Given material:
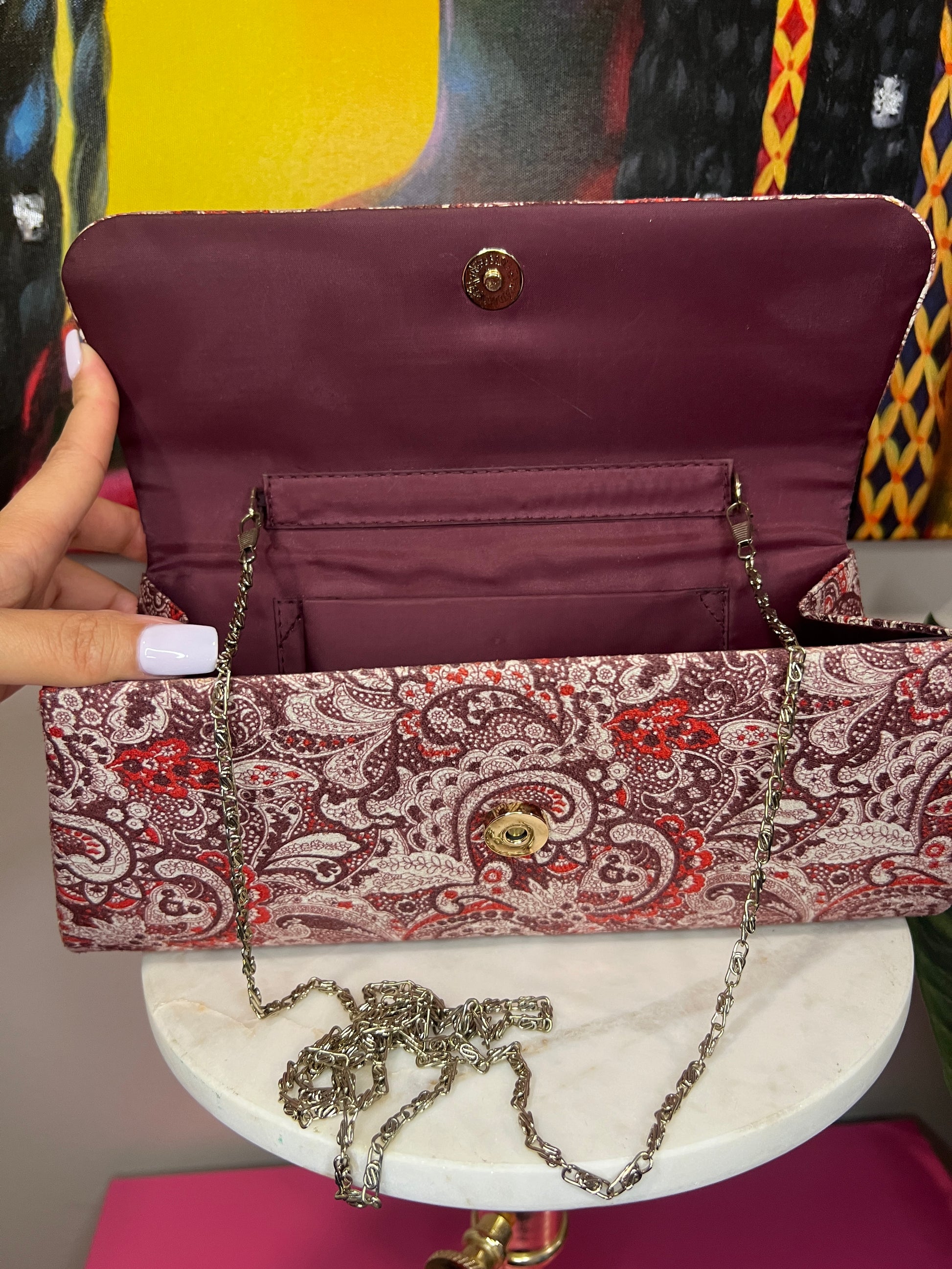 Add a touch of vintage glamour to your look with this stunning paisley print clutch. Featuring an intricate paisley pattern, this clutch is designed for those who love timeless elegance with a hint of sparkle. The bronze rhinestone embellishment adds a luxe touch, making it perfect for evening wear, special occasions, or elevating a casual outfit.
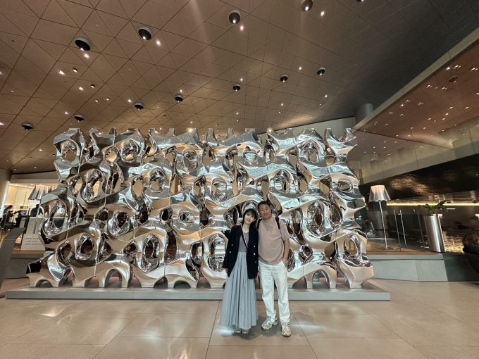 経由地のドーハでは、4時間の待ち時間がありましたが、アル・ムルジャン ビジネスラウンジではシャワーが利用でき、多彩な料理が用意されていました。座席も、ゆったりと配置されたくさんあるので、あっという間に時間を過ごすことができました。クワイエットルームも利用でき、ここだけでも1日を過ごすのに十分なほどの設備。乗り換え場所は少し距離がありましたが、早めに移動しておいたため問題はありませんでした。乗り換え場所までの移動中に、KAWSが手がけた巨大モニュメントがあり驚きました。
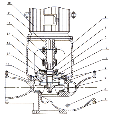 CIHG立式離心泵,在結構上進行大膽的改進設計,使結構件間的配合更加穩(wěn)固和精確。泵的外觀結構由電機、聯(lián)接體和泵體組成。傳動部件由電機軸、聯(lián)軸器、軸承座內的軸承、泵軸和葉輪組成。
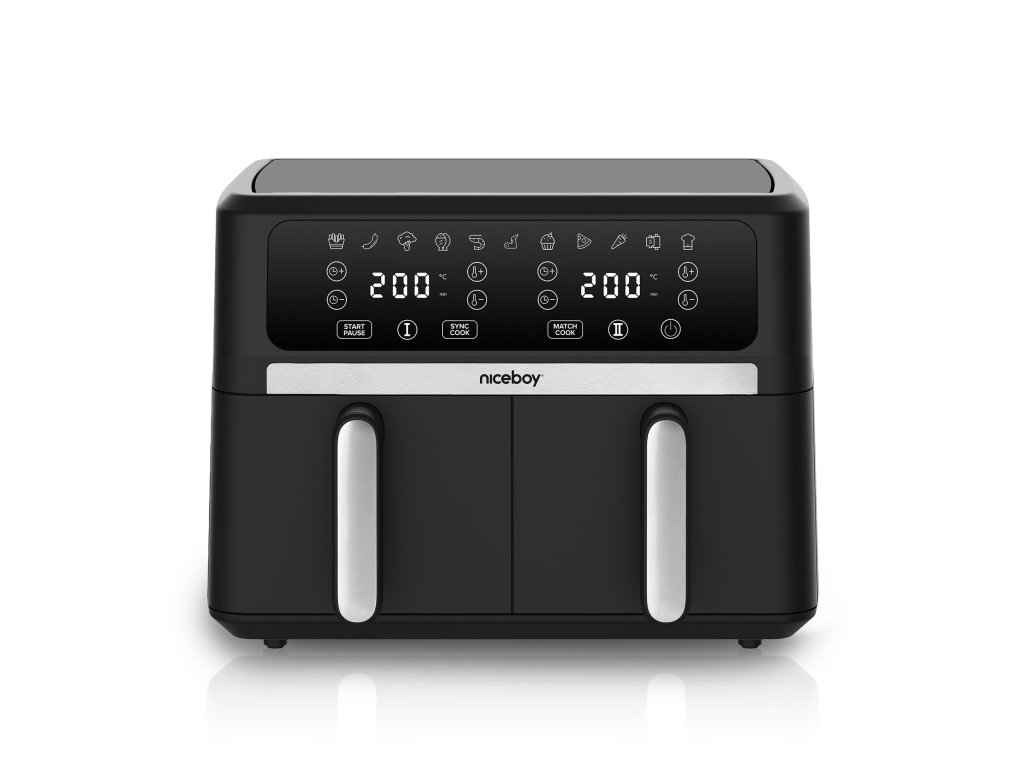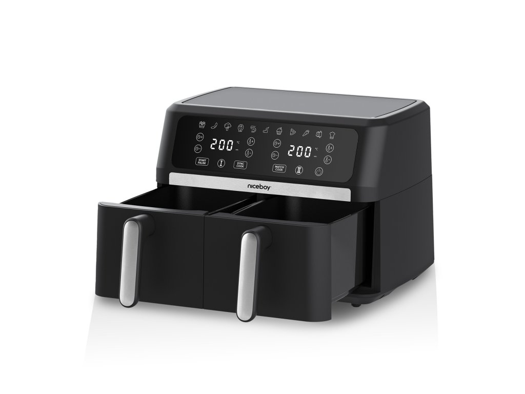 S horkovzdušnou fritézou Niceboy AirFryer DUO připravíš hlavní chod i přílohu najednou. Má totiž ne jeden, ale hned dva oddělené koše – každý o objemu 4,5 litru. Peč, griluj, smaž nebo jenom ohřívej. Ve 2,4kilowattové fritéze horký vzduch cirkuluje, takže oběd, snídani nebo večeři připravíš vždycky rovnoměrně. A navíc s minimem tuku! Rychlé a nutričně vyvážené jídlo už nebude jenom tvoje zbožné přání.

Problem requirements:
Return all of the material precisely as written. No picture belongs in it.

Solution for this task:
 Add a touch of vintage glamour to your look with this stunning paisley print clutch. Featuring an intricate paisley pattern, this clutch is designed for those who love timeless elegance with a hint of sparkle. The bronze rhinestone embellishment adds a luxe touch, making it perfect for evening wear, special occasions, or elevating a casual outfit.
 経由地のドーハでは、4時間の待ち時間がありましたが、アル・ムルジャン ビジネスラウンジではシャワーが利用でき、多彩な料理が用意されていました。座席も、ゆったりと配置されたくさんあるので、あっという間に時間を過ごすことができました。クワイエットルームも利用でき、ここだけでも1日を過ごすのに十分なほどの設備。乗り換え場所は少し距離がありましたが、早めに移動しておいたため問題はありませんでした。乗り換え場所までの移動中に、KAWSが手がけた巨大モニュメントがあり驚きました。
 CIHG立式離心泵,在結構上進行大膽的改進設計,使結構件間的配合更加穩(wěn)固和精確。泵的外觀結構由電機、聯(lián)接體和泵體組成。傳動部件由電機軸、聯(lián)軸器、軸承座內的軸承、泵軸和葉輪組成。
 S horkovzdušnou fritézou Niceboy AirFryer DUO připravíš hlavní chod i přílohu najednou. Má totiž ne jeden, ale hned dva oddělené koše – každý o objemu 4,5 litru. Peč, griluj, smaž nebo jenom ohřívej. Ve 2,4kilowattové fritéze horký vzduch cirkuluje, takže oběd, snídani nebo večeři připravíš vždycky rovnoměrně. A navíc s minimem tuku! Rychlé a nutričně vyvážené jídlo už nebude jenom tvoje zbožné přání.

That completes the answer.